There is no such evidence in this case, however. The letter explaining the suspension cited several aggravating factors supporting the conclusion that Ko had been negligent in the performance of his duty, including his supervisory role and his own admission that he should have instructed the officers to conduct a more complete search. (Pl.'s Resp. to Def.'s SOF ¶ 36.) The fact that there were many reasons for the suspension also shows that Pfeiffer's decision was not exclusively grounded in Murrillo and Fraser's versions of events. (See R. 36-1 at 22.) But, even if Pfeiffer had solely relied on Murillo and Fraser's accounts, this would not show that Ko's discipline was pretextual. Reasonable managers could disagree whether Ko's version of events should control, but relying on the word of two officers whose separately authored accounts of the event corroborated each other was certainly a reasonable basis for the disciplinary action.
***
All said, Ko's theory of race discrimination simply does not present a genuine issue of material fact.
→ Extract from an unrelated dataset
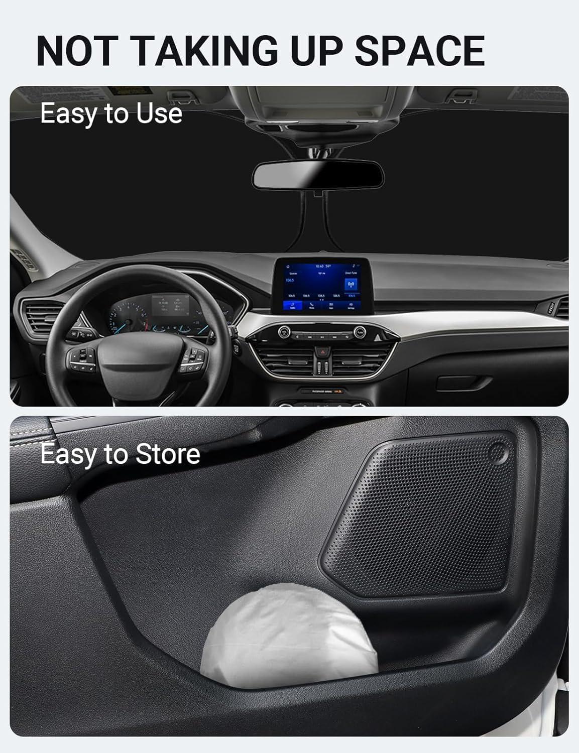 Easy to Use and Store: Unlike other products on the market, our windscreen sun visor is designed to be easy to use and store with its lightweight and collapsible material. The windscreen sunshade can be popped up and folded in seconds for everyday use and fits easily in your door pocket.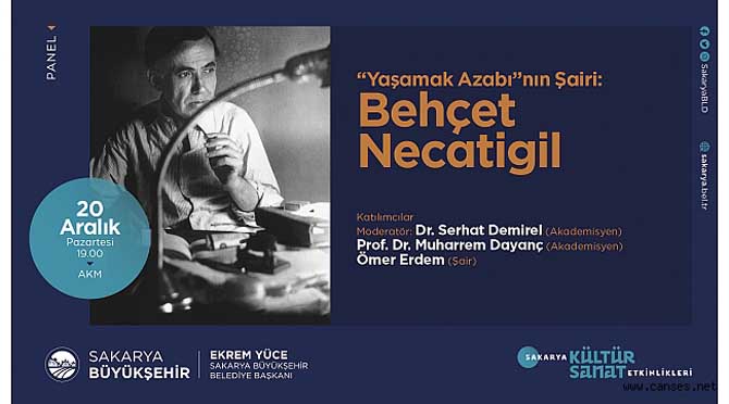 Büyükşehir Belediyesi Aralık Kültür Sanat Etkinlikleri 20 Aralık Pazartesi günü ‘Yaşamak Azabının Şairi: Behçet Necatigil’ adlı panel ile devam edecek. AKM’de saat 19.00’da gerçekleştirilecek olan panelde Necatigil’in edebi hayatı ve yaşamı konuşulacak.

Even when given the benefit of reasonable inferences in his favor, a reasonable jury could not find that Ko was discriminated against on the basis of his race because there is no evidence showing that he was treated worse than a similarly situated individual or that he was performing to his employer's legitimate expectations.
CONCLUSION
The defendant's motion for summary judgment is granted.